A simultaneous purification of human prothrombin and factor IX

• Published in: Blood & Vessel Vol. 13; no. 1; pp. 63 - 71
• Main Authors: FUJIMURA, Yoshihiro, SAKAI, Toshiyuki, MATSUYAMA, Ikuko, MIKAMI, Sadaaki, YOSHIOKA, Akira, FUKUI, Hiromu
• Format: Journal Article
• Language: English
• Published: The Japanese Society on Thrombosis and Hemostasis 1982
• Subjects: DEAE-Sepharose CL-6B; factor IX; heparin-Sepharose 4B; preparative disc gel electrophoresis; prothrombin
• ISSN: 0386-9717; 1884-2372
• DOI: 10.2491/jjsth1970.13.63

Human factor IX has been purified from a commercial prothrombin complex concentrate (Proplex®) with a yield of 17%. The purified factor IX preparation had a specific activity of 171 units per mg protein.
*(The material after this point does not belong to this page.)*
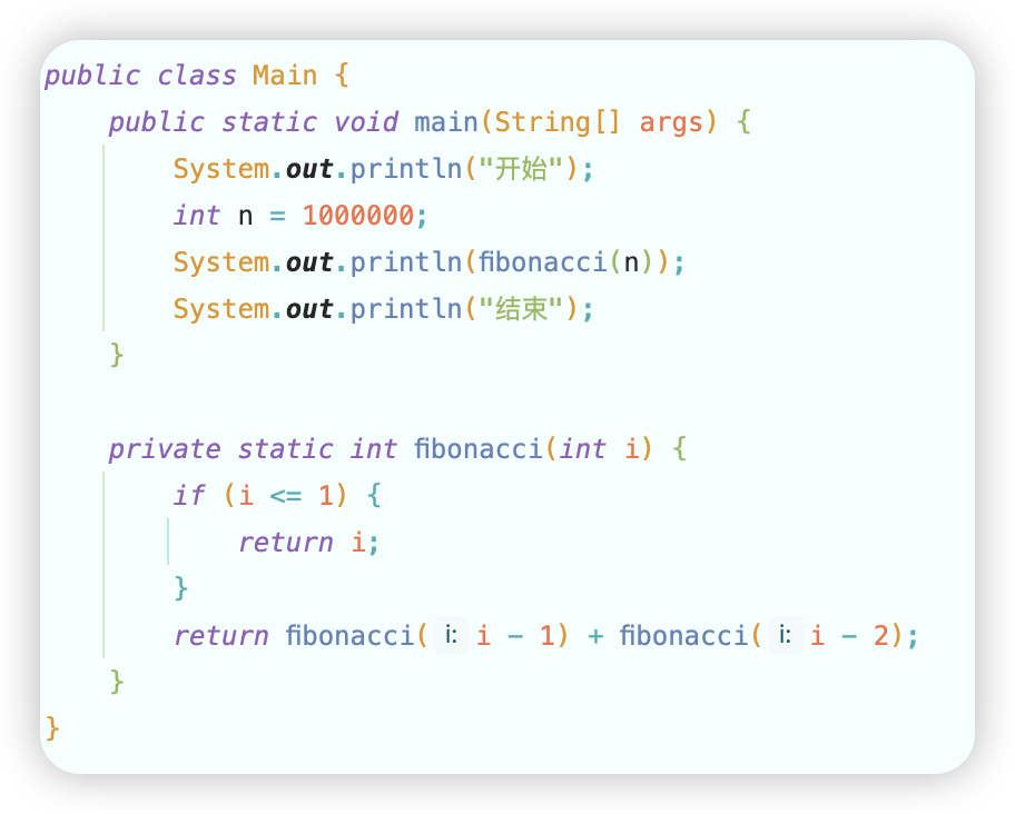 在上述代码中,我们需计算的斐波那契数n的值比较大,方法递归的深度过深,最终Java虚拟机栈中存储的帧大小总和将会超出了最大空间限制,导致无法再创建新的帧,从而引发 StackOverflowError 错误。

The purification procedure involves BaSO4 adsorption-elution, 40-70% saturated (NH4)2SO4 precipitation, DEAE-Sepharose CL-6B chromatography, heparin-Sepharose 4B chromatography, and preparative disc gel electrophoresis. The final product is homogeneous on an analytical polyacrylamide gel electrophoresis, and has an apparent molecular weight (mol. wt.) of 57, 000 which is not changed by chemical reduction. The monospecific antiserum to factor IX was raised against rabbits, and possessed an inhibitory activity equivalent to 35 Bethesda units per ml. In the course of factor IX purification, prothrombin (mol. wt. 72, 000) has also been purified (36% yield), and has been shown to have a specific activity of 8.6 units per mg protein.